Oh, and as a heads up, unlike Victoria and Elizabeth, Mary does not have under the bed storage drawers. It certainly makes getting suitcases that are stored under the bed more accessible, but they do come in handy for those pesky extra bits and pieces that don’t seem to fit in anywhere!


DAY 28

April 18th


At Sea


It was another bumpy night, just the sort I love, and we awoke to a Force 8 gale and rough seas. However the sun was shining so we thought we would go to the Pavilion Pool, and I could have a swim.


No such luck, there were no available loungers, so we decided to retreat to our usual place, the Commodore Club. There were no seats by the windows, but we did at least find seats. It really is quite rough today, and you can certainly feel the motion of the ocean. If we were on Queen Elizabeth now the waves would be splashing over the Commodore Club windows. Instead we are doing a fair amount of pitching, and our bow plunges downwards, but no water splashes up here.


At his noon announcement Captain Hashmi said the winds will be dying down and the 7-meter waves will be a thing of the past. Although we will continue to follow the Great Circle Track until 6:30 this evening, we are currently on a southerly course skirting the ice fields to the north of us. At 10:00 tonight we will be 90 miles south of where the Titanic was when she hit the iceberg. I looked out the window, no icebergs in sight at the moment.


Captain Hashmi reminded us that it was 50 years ago today that Cunard took ownership of the QE2 at John Brown shipyard. It’s hard to believe it’s that long ago.


I opted for lunch in the Carinthia Lounge. The light lunch there is just the thing after a big breakfast. However, it is often difficult to find a seat there now. Very different to when it was the Winter Garden. The change really is a huge improvement. The down side is that you used to be assured of finding a quiet place to sit and read in the Winter Garden. Now it is always full and quite noisy. I am OK with that.


I only went to 2 talks today, I’m busy with my craft project.


The first was by Julian Woolford, entitled “Climb Ev’ry Pyramid”. It was about the challenge of putting on a production of “The Sound of Music” in Egypt. I have to hand it to him, I certainly would have given up with all of the obstacles they had to face, including digging a pit in the sand for the orchestra. He also included some of the history of the show. It was as always very entertaining, and I enjoyed it.
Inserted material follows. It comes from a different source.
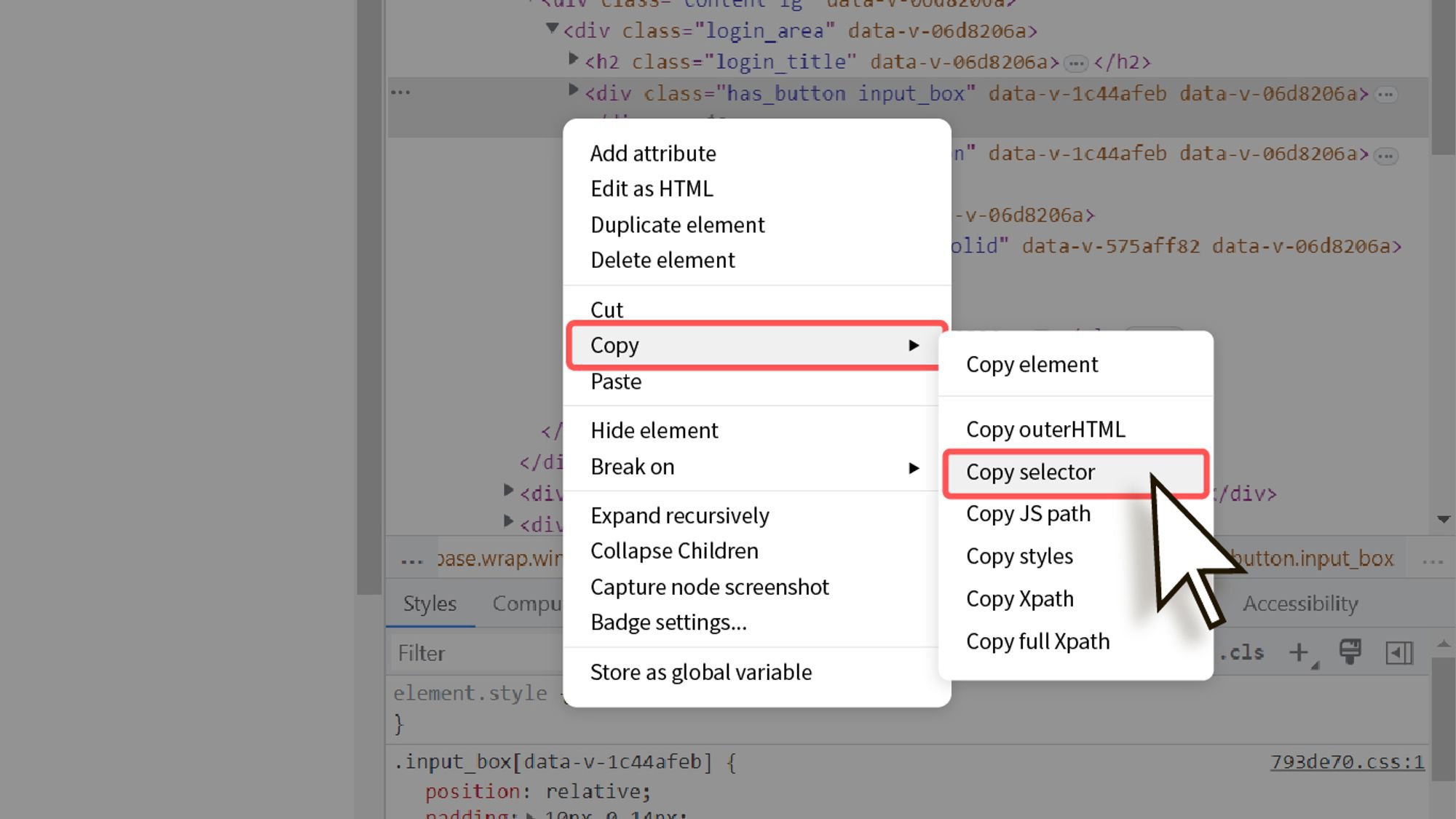 회색으로 강조 표시된 코드 위에서 마우스 오른쪽버튼을 클릭하여 Copy -> Copy selector를 선택하시면 자동으로 해당 selector의 값이 복사됩니다.

Captain David Henderson gave a talk on “Is there a Doctor in the House – or on the Aircraft?” He included a clip from the trailer for the movie “Airplane”, which has to be one of the silliest movies ever made. I was compelled to order it from Netflix when we get home. It certainly deserves to be seen again.
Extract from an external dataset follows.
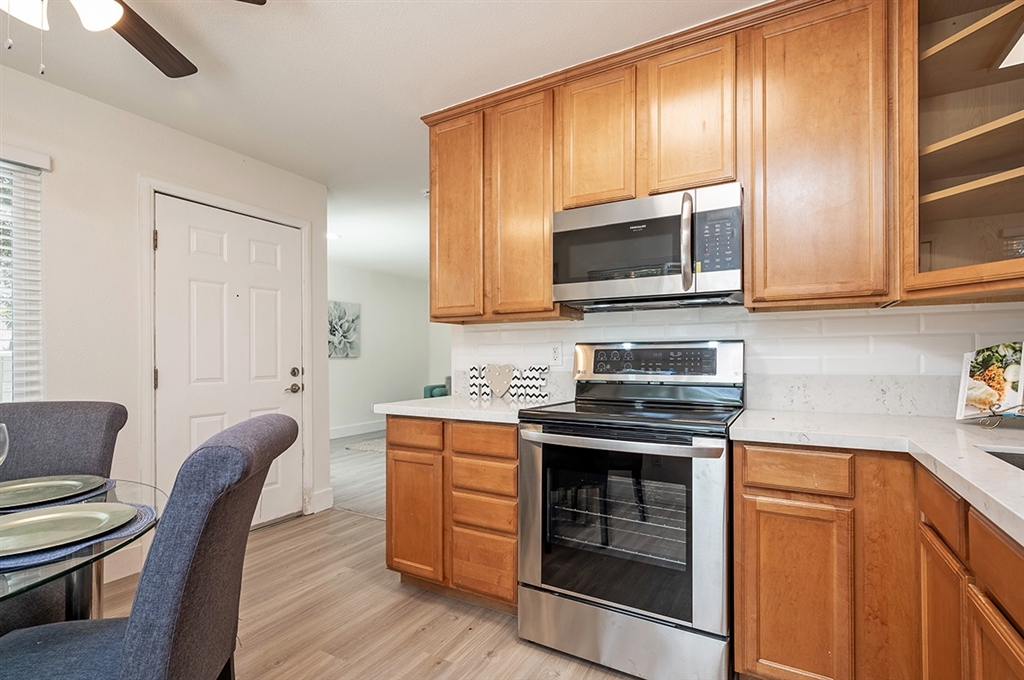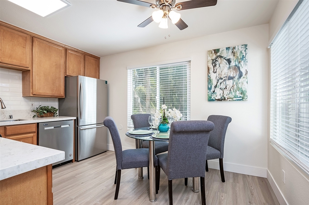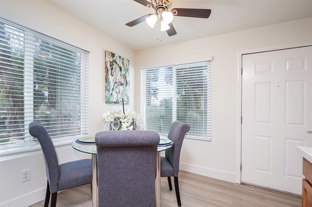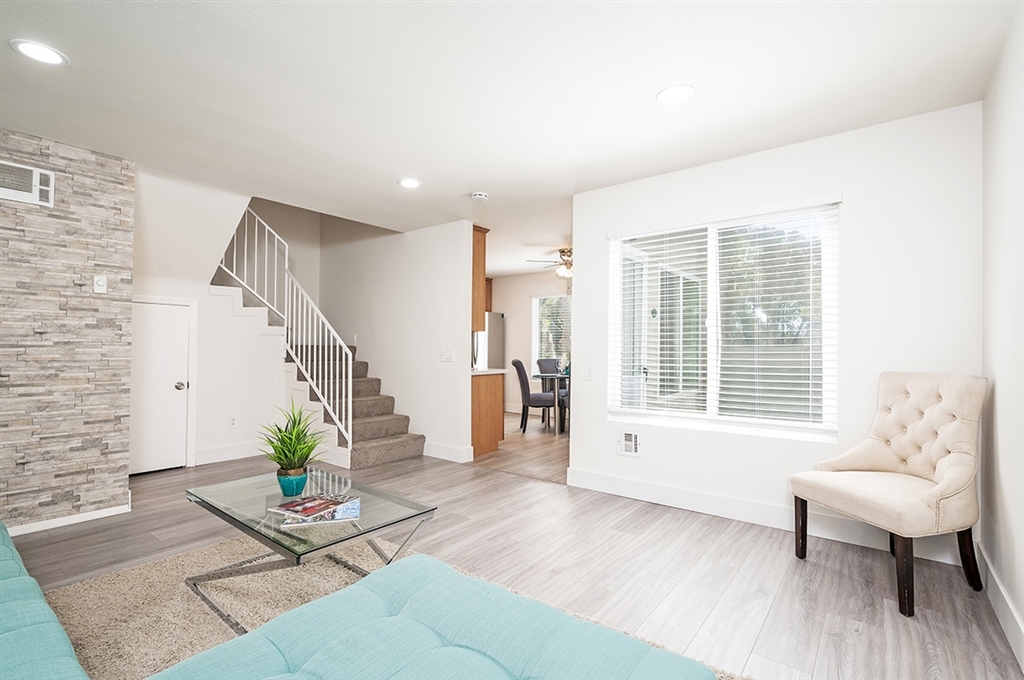 Rare corner townhome style unit! No ONe above and no one below you in this premium unit with private courtyard entry, living, kitchen and dining, and half bath downstairs, plus 2 large bedrooms and 1 full bath upstairs. This unit was recently renovated and comes with a covered parking spot, upgraded flooring, new countertops, new fixtures, new stainless steel appliances, great storage under the staircase and more! Check out the 3D tour!. Neighborhoods: College Park Gardens Other Fees: 0 Sewer: Sewer Connected Topography: LL

Brian picked up the sheet for the final photo scavenger hunt of this trip, and off we headed around the ship to find the 9 objects for today’s hunt. 7 were fairly easy (I’m not sure if it’s a good or bad thing that we know this ship so well), 1 was a challenge, but we found it, but 1 was very elusive. I had never seen the object before, so it was very frustrating, and we searched the ship deck-by-deck, lift-by-lift, room-by-room, but it vain. It simply did not exist.


We could not believe that we had failed in our mission, not to mention spent hours on our fruitless search. Still, with all of that exercise we didn’t need to feel guilty about not walking around the Promenade Deck today (not that we could have as it was closed due to the wind). Then the lad who goes to the gym once or twice every day had an inspiration. Could it be in the Gym? Well as I have never even set foot in the gym, how would I know? We were quite weary, but it was worth a look. Yes there it was, right by the entrance. You didn’t even have to venture far in to that establishment. Mission accomplished!


During our frantic search for the missing item we popped in to the Board Room. It looks like there will be a wedding there today – they thought of everything, there was even a box of tissues at the entrance.



When we were leaving the dining room after dinner we came across the newly installed Easter display. The 2-headed egg is rather strange and unnerving. The other eggs were quite acceptable.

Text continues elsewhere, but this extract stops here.